I’ll admit, largely when I encounter conversations about eportfolios I have the second reaction. In my experience these usually take the form of a proprietary software that instructors need to learn how to use on top of coming to grips with the idea of an eportfolio. It’s one more thing for students to do on top of their regular course work with little incentive to do so. The argument that employers will request, or even look at a portfolio, is only true in a few disciplines in my experience. They are implemented most often at a course level, so the number of items is generally really restricted. Is it really a portfolio if it has a test, a paper proposal, and a final paper in it? Adding a short reflection and uploading a file to an eportfolio platform hardly seems like a very valuable extension beyond writing the paper and receiving feedback from your peers and instructor. I’ve seen a number of eportfolio initiatives or attempts fall flat because we were trapped by our concept of a course, and of assignments. Unless you’re in a discipline, such as design, where over years you build a portfolio of work that is readily displayed in a portfolio format it’s best not to waste your time.
Unless…
Poking around the examples of quest banks/assignment banks/challenges that Alan shared I thought to myself “self, wouldn’t it be great if students could just select a number of challenges from a pile and then submit those for course completion requirements?” Students would be able to demonstrate knowledge/skills/attitudes through assignments in a variety of different ways. They get the choice.
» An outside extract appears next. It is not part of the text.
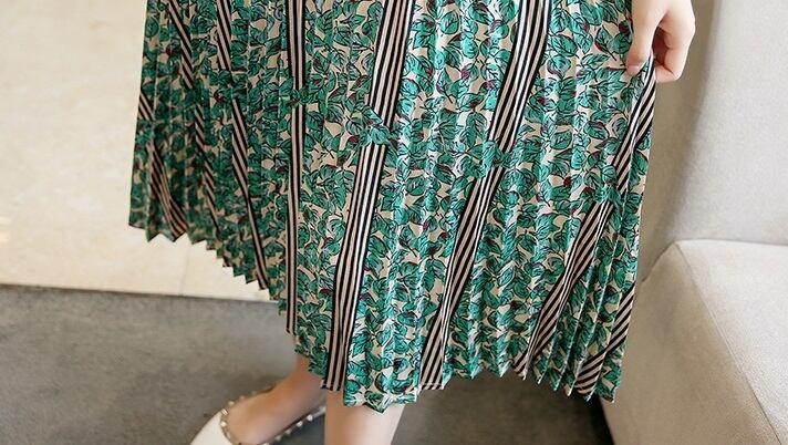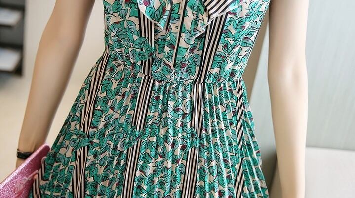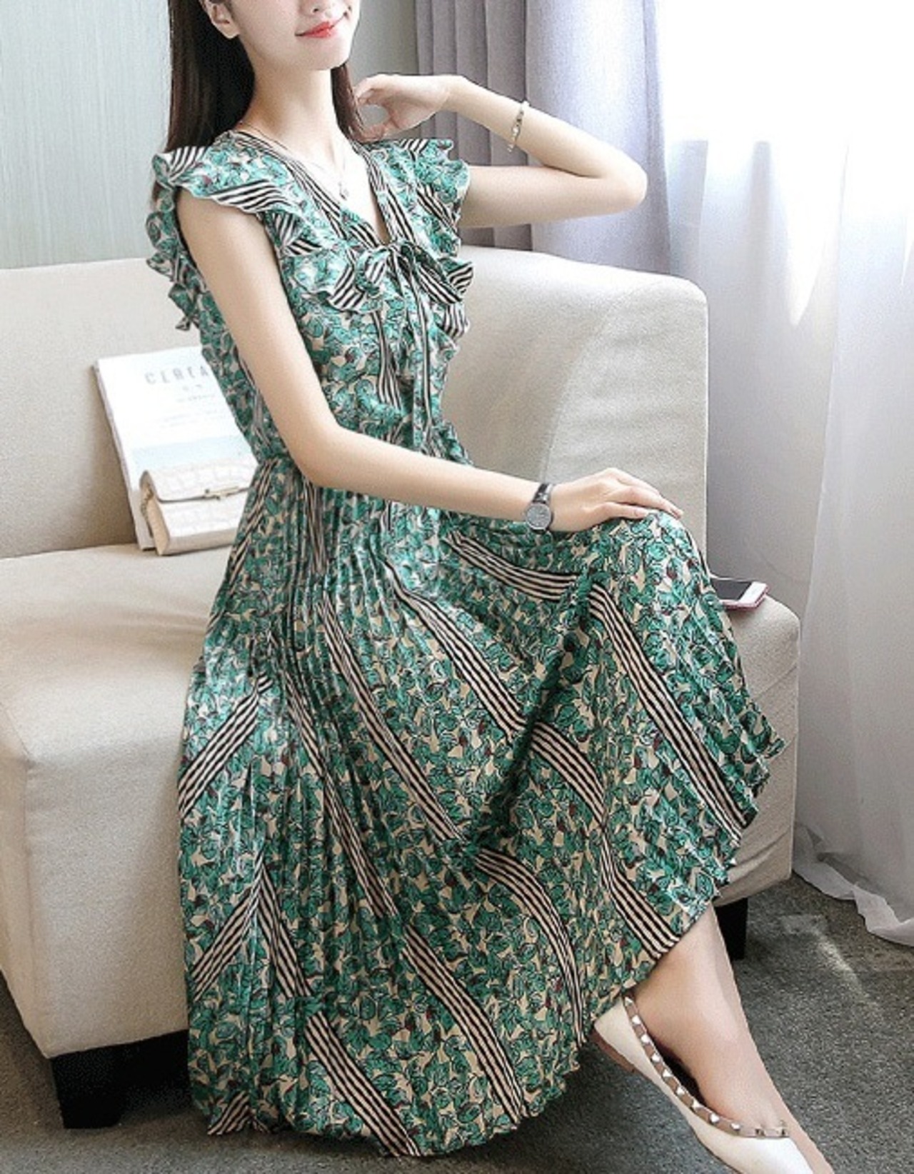 「破格」 ワンピース シフォン Vネック ノースリーブ ボタニカル ミモレ丈

There isn’t a stack of papers that all seem the same that we know are destined for a forgotten file folder on our hard drives (or worse). What would a course like that look like? ePortfolios might actually work for a set up like that. At an introductory level of this idea, for each module students would be presented with a number of different challenges they could complete. They would not have to complete ALL of the challenges presented. Maybe it would be one or two simple challenges, and a mid-high level challenge in the first module of a course. In an advanced style of this design students could even contribute their own challenges. What goes in the portfolio is the challenges itself providing context for the artifact and the artifact itself.
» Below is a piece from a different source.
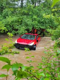 “She hydroplaned or skidded off the road and ended up in a flooded ditch,” Stamberger said. “We had two swift-water technicians who got into wet suits and assisted the girl out of the car and onto high ground.”
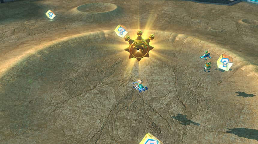 Temporarily transforms you into a Bullet Bill, making you zoom automatically toward the finish line while knocking over any vehicle you make contact with.

In that course maybe some of the challenges are “closed” and some are “open”. Maybe students get the choice of sharing or not sharing their work in the open. Maybe it’s better if they are engaged in conversations about the merits of sharing their work, and the responsibilities that come with using CC licensed works. Circling back to the open pedagogy definition questions that have been tossed around in the last couple of weeks, perhaps focusing on learning artifacts that do and do not have CC licenses attached to them ignores the importance of student choice in the learning process.
I think I just ran out of steam on this stream of thought so I’ll leave it there.